— Ах, миленок, приехал? Ничего, ничего, модный, совсем ненашенский стал. Наши девчонки глянут, с последнего умишка свихнутся. — Опять сощурила глаза на Машу: — Одна вроде уже. Ты, Милочка, не теряйся. Они добренькие, нашенские-то.
Маша сдвинула брови, но сдержалась. Анна подрезывала, как тяпкой корешок:
— Наши-то против городских — тьфу! От Маньки навозом да коровьей мочой пахнет. У тебя, Милок, ручки беленькие, не замаранные, бегал ты пастушком — неприметный был, а вот гляжу: хорошенький ты у Усти выдался, девчонки городские, поди, сами льнут.
Маша злилась: «Вот змея, а он молчит, слова поперек сказать не может. Я ему задам!»
— Ты, тетя Нюра, зря меня расхваливаешь, — сказал Костя, — я обыкновенный, у меня только куртка необыкновенная. У вас здесь больше пахнет молочком да сеном. Ты преувеличиваешь все. Руки правда у меня белые. Так я фельдшером стану, а фельдшеру с грязными руками ходить не положено.

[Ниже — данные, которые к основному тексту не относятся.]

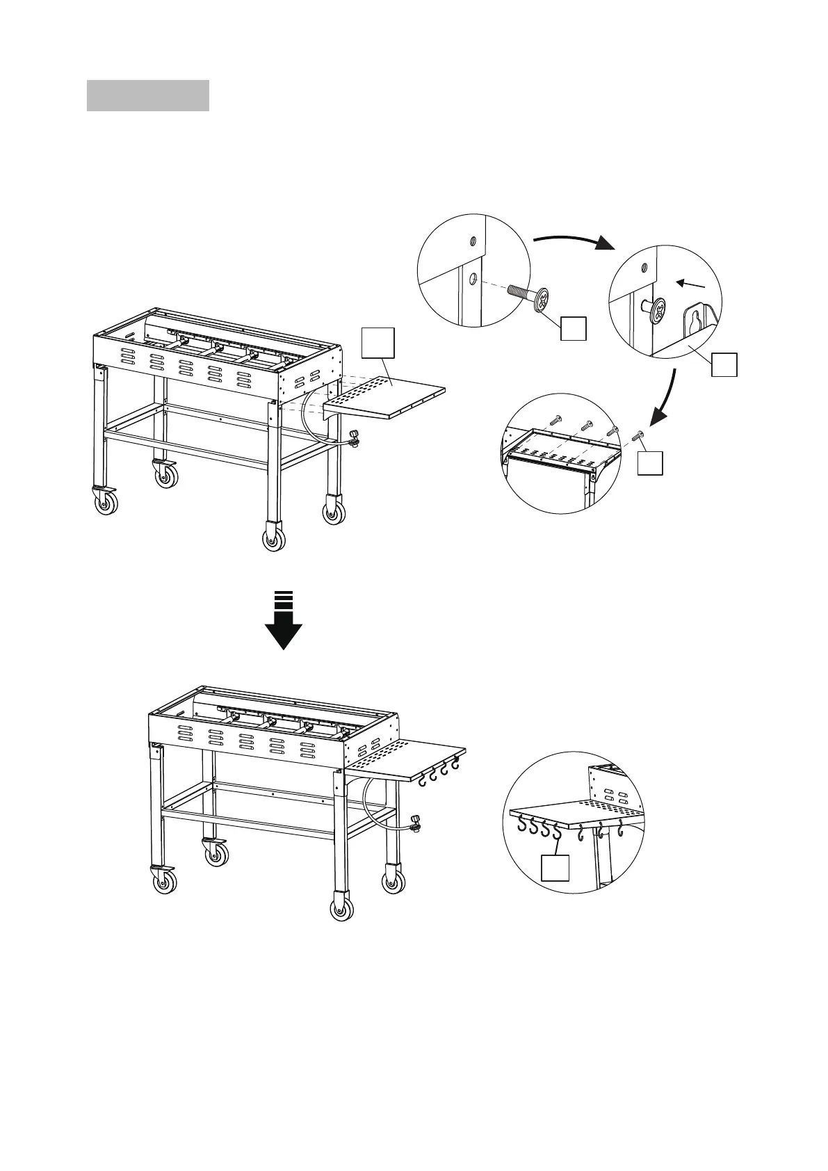 Screw 2 "Y" on the grill legs, and place the side table "E" on screws "Y".

Ему не дали довести разговор с Кошкиной. Налетела резвушка Галя Мамина, обняла Машу и жарко зашептала: «Откуда этот пижончик, не твой ли женишок?» Не дождавшись ответа, представилась Косте:
— Галя, притом не чья-нибудь, а Мамина!
— Все мамины, — засмеялся Костя.
— Мамины, да не Мамины. Вон с косами до пят — Соня, она не Мамина, а Птицына. Видишь, Птицына.
Тихоня Соня, как обычно, смутилась.
— Ладно тебе скоморошничать.
— Сонька, молчи. Я сражена, какая у него курточка. Каренькие глазки, — обратилась она к Косте, — приходи на танцы в дом животноводов. Эту можешь не брать, — и показала на Машу, — без нее обойдемся.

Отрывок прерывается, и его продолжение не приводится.